Kriteria pementasan TNM (pTNM staging UICC edisi ke-8) adalah sebagai berikut. pTX (tumor primer)
pTX: Tidak ditemukan tumor primer, atau sel kanker ditemukan oleh sitologi dahak atau lavage bronkial tetapi tidak terdeteksi oleh pencitraan dan bronkoskopi. pT0: Tidak ada bukti tumor primer. pTis: Karsinoma in situ.
pT0: tidak ada bukti tumor primer. pTis: karsinoma in situ
pT1: tumor berdiameter maksimum ≤3 cm, dikelilingi oleh jaringan paru-paru dan pleura yang kotor; bronkoskopi menunjukkan tumor yang menyerang bronkus lobus tetapi bukan bronkus utama.

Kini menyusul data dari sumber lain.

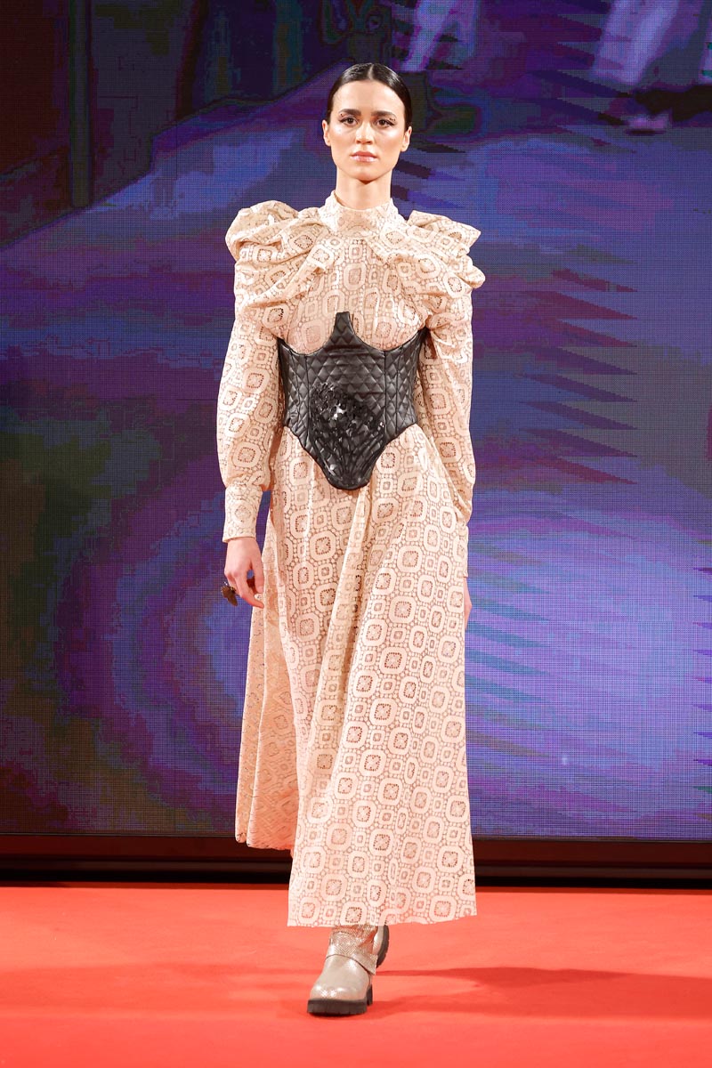 María Lafuente chooses the headquarters of the Spanish Olympic Committee as the setting to present her new collection, titled ‘Ineffable‘. The designer once again showcases her fashion proposals in Mercedes-Benz Fashion Week Madrid’s off schedule. A fashion show that enjoyed the participation of the Young Dance Company Graduates from Professional Schools and Authorized Centres from Castilla and León, which premiered on the catwalk the choreography “Miradas en Blanco”, a manifesto against gender violence.

pT1mi: adenokarsinoma mikroinvasif.
pT1a: tumor berdiameter maksimum ≤1cm. pT1b: tumor berdiameter maksimum 1cm< diameter maksimum ≤2cm. pT1c: tumor berdiameter maksimum 2cm< diameter maksimum ≤3cm.
pT2: Tumor 3cm<diameter maksimal ≤5cm; atau tumor yang menyerang bronkus utama. pT2: Tumor 3cm<diameter maksimal ≤5cm.

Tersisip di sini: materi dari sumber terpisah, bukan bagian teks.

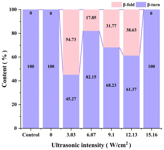 CPP samples treated with different ultrasonic intensities were processed and measured using the method of Wang [14]. Briefly, the sample was KBr = 1:100 and the spectral range was 4000–400 cm−1 (Fourier Infrared Spectrometer, FTIR, Thermo Fisher, Thermo Fisher Scientific, Waltham, MA, USA). The infrared spectra of each CPP sample in the protein amide I band, typically observed in the range of 1700–1600 cm−1, were resolved, and the relative amounts of secondary structure were expressed as the relative percentages of α-helix, β-sheet, β-turn, and random curl.

(Tumor yang menyebar secara dangkal yang tidak umum, terlepas dari ukurannya, adalah T1 ketika invasi terbatas pada dinding bronkial, meskipun mereka mungkin menyerang bronkus utama; menyerang pleura kotor; memiliki pneumonia obstruktif atau atelektasis parsial atau total paru-paru. Jika salah satu dari kondisi ini terpenuhi, tumor diklasifikasikan sebagai T2.
pT2a: tumor 3cm & lt; diameter maksimal ≤4cm. pT2b: tumor 4cm & lt; diameter maksimal ≤5cm
pT3: tumor 5cm & lt; diameter maksimal ≤7cm. atau tumor ukuran apa pun yang secara langsung menyerang salah satu dari berikut ini, termasuk: dinding dada (termasuk tumor supraglotis), saraf frenikus, perikardium; tumor terisolasi di lobus yang sama.

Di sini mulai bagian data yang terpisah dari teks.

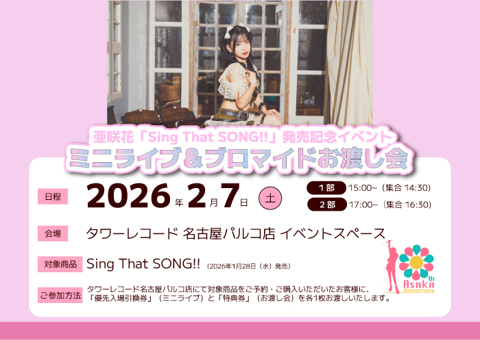 ネットサイン会や東京・名古屋でのミニライブなど、多彩な企画を実施します。対象商品<亜咲花『Sing That SONG!!』ATOM-0015>をご予約・ご購入で参加可能。
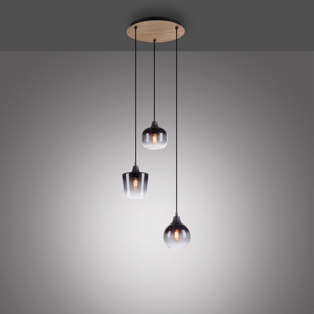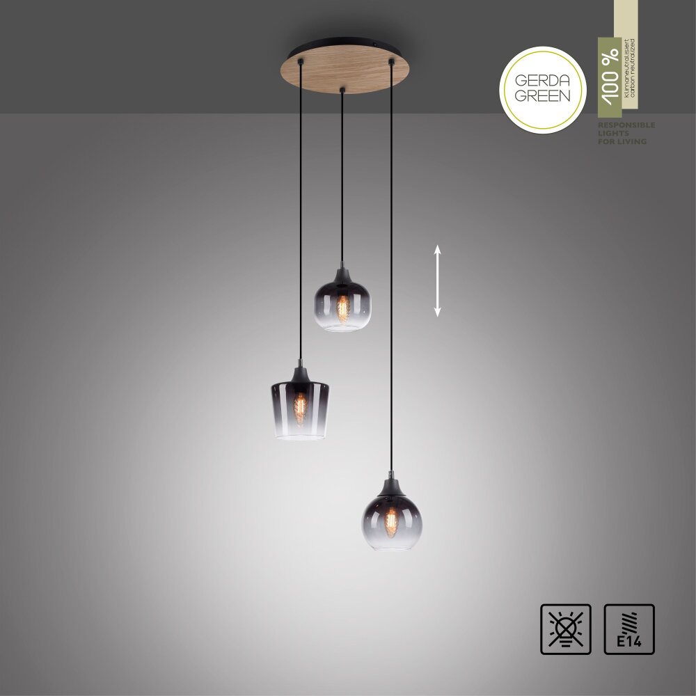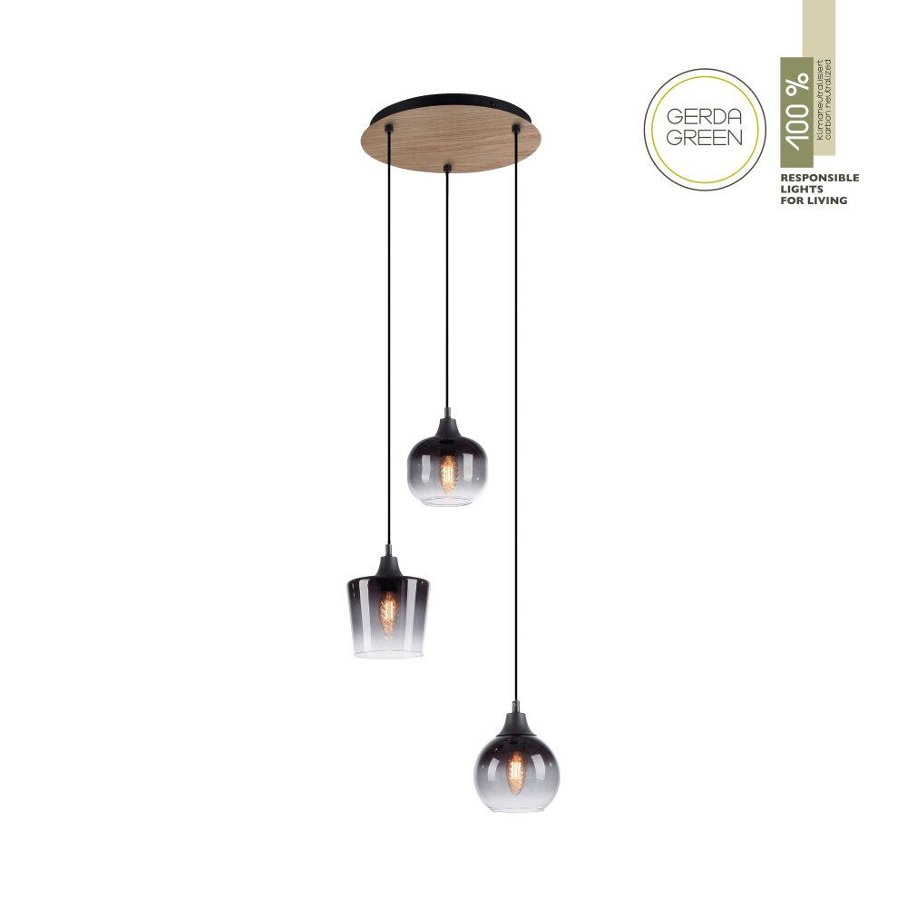 Leuchten-Direkt GREEN ZEA Hanglamp Natuurlijke kleuren, Zwart, 3-lichts

perikardium; nodul karsinoma terisolasi di lobus paru yang sama. Salah satu dari kriteria di atas terpenuhi dan tumor diklasifikasikan sebagai T3.
pT4: Tumor berdiameter maksimum >7cm; menyerang salah satu lokasi berikut, terlepas dari ukurannya: mediastinum, jantung, pembuluh darah besar, ramus, saraf laring berulang, trakea utama, esofagus, badan vertebra, diafragma; nodul kanker terisolasi di lobus paru yang berbeda pada sisi yang sama.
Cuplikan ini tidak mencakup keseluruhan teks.